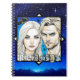 AI art depicting a male and female Pleiadian alien extra terrestrial race with a starry UFO background.
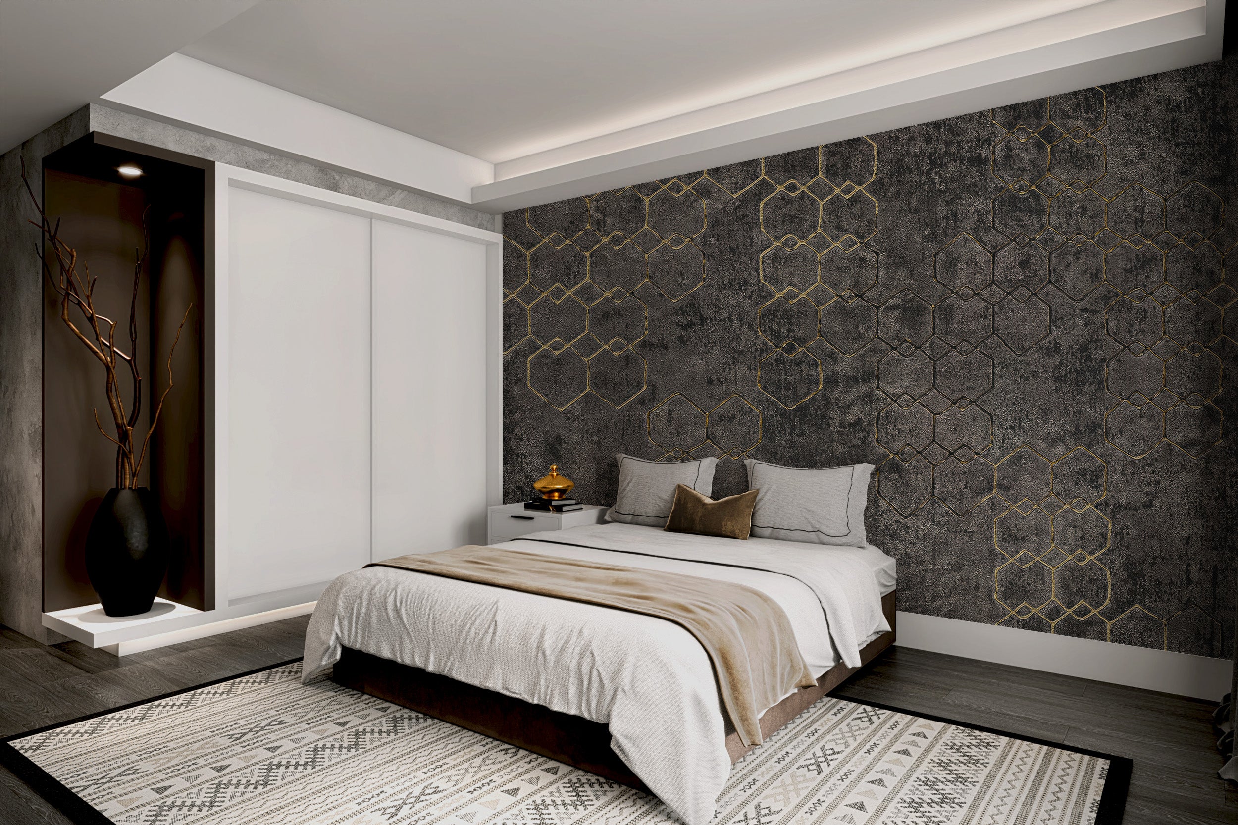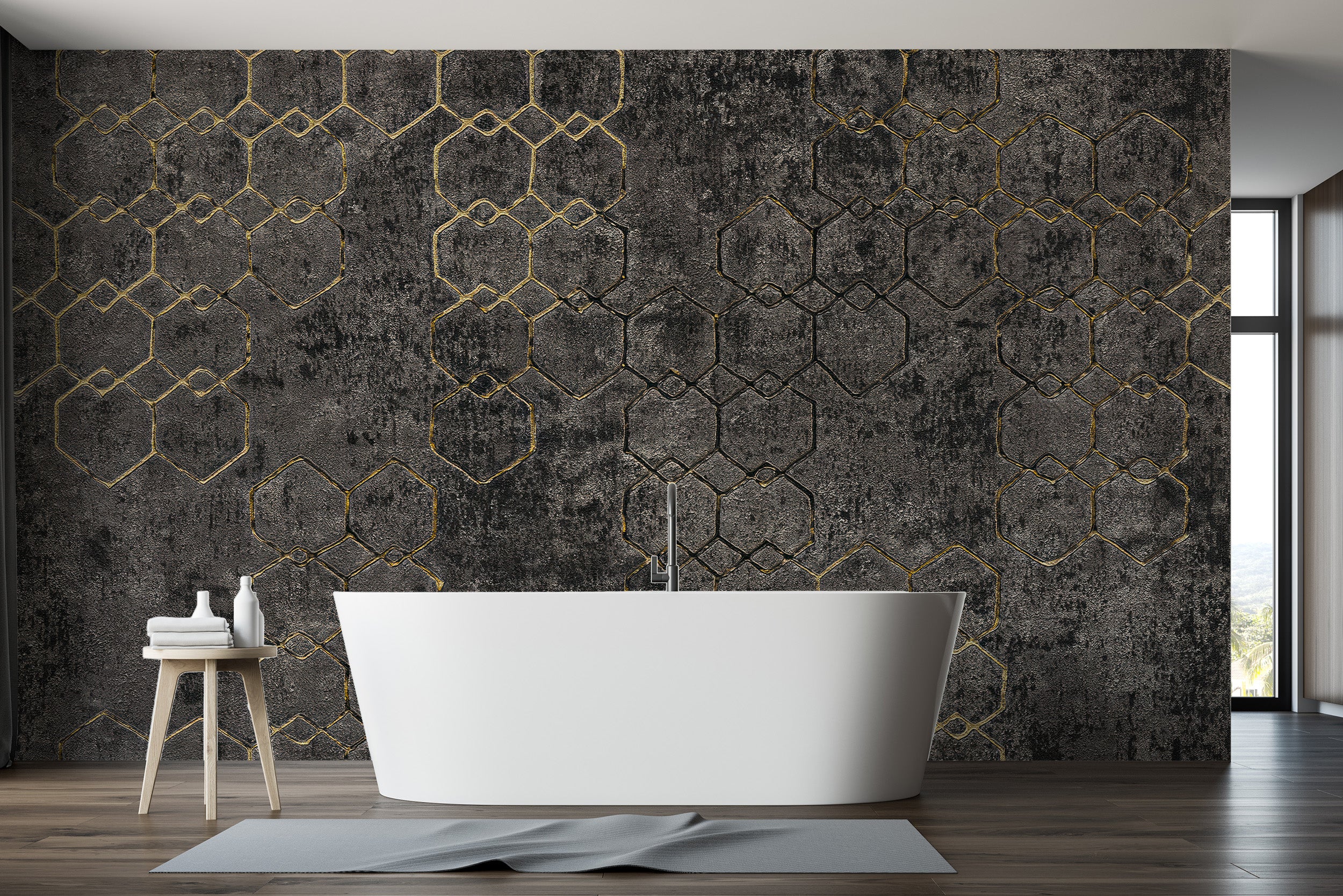 Transform your space with the gold hexagon luxury geometric wallpaper, a perfect blend of modern geometric wallpaper and industrial elegance. The black and gold geometric wallpaper design features intricate hexagonal patterns with a distressed concrete texture, adding depth and sophistication. Ideal for accent walls, living rooms, or office spaces, this luxury geometric wallpaper enhances any interior with a bold statement. The rich gold accents create a striking contrast, making it a stylish choice for contemporary décor. Elevate your home with this geometric hexagon wallpaper, bringing a refined, high-end aesthetic that captivates and inspires. Easy to install and durable for lasting beauty.
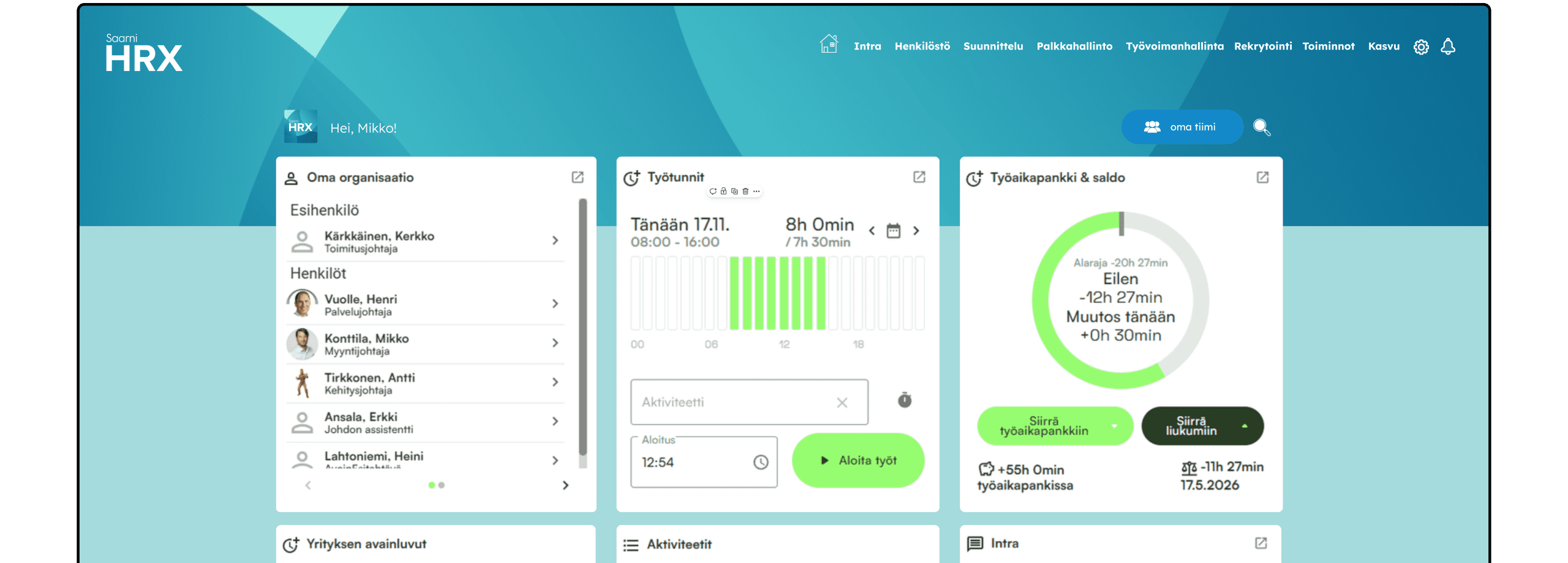 Saarni HRX- järjestelmän älykkäällä automaatiolla suoraviivaistat yrityksesi henkilöstö- ja palkkahallinnan prosesseja.
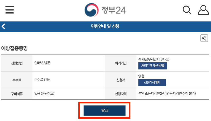 페이지에서 발급을 클릭 하시면 코로나 19 예방접종증명서를 발급 받으실 수 있습니다. '영문' 으로 발급 받으세요.
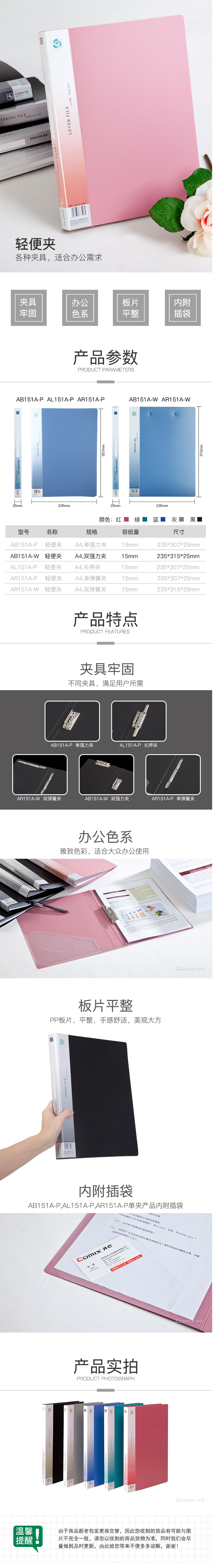 商品名称:齐心 AB151A-W 超坚固轻便夹 A4 双强力夹
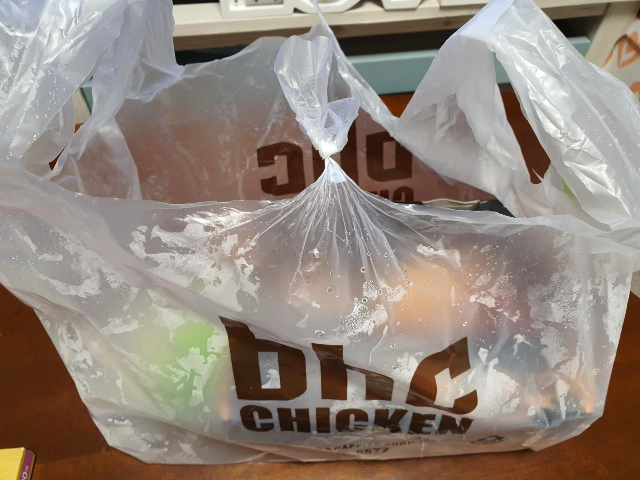 날씨가 추워서인지 뜨거운 치킨 봉지에 물기가 맺혔습니다. 집에서 가장 가까운 신풍역점에 주문하였습니다. 주말이고 BHC 신메뉴인 포테킹 후라이드가 인기인 것인지 주문하고 80분 후에나 받아볼 수 있었습니다. 기다림에 지루해하지 않고 더 배고파지면 더 맛있게 먹을 수 있겠다는 생각을 하고 있었습니다.

*What the task requires*
Leave every image out when you return the material above word for word.

*Reply to the exercise*
 AI art depicting a male and female Pleiadian alien extra terrestrial race with a starry UFO background.
 Transform your space with the gold hexagon luxury geometric wallpaper, a perfect blend of modern geometric wallpaper and industrial elegance. The black and gold geometric wallpaper design features intricate hexagonal patterns with a distressed concrete texture, adding depth and sophistication. Ideal for accent walls, living rooms, or office spaces, this luxury geometric wallpaper enhances any interior with a bold statement. The rich gold accents create a striking contrast, making it a stylish choice for contemporary décor. Elevate your home with this geometric hexagon wallpaper, bringing a refined, high-end aesthetic that captivates and inspires. Easy to install and durable for lasting beauty.
 Saarni HRX- järjestelmän älykkäällä automaatiolla suoraviivaistat yrityksesi henkilöstö- ja palkkahallinnan prosesseja.
 페이지에서 발급을 클릭 하시면 코로나 19 예방접종증명서를 발급 받으실 수 있습니다. '영문' 으로 발급 받으세요.
 商品名称:齐心 AB151A-W 超坚固轻便夹 A4 双强力夹
 날씨가 추워서인지 뜨거운 치킨 봉지에 물기가 맺혔습니다. 집에서 가장 가까운 신풍역점에 주문하였습니다. 주말이고 BHC 신메뉴인 포테킹 후라이드가 인기인 것인지 주문하고 80분 후에나 받아볼 수 있었습니다. 기다림에 지루해하지 않고 더 배고파지면 더 맛있게 먹을 수 있겠다는 생각을 하고 있었습니다.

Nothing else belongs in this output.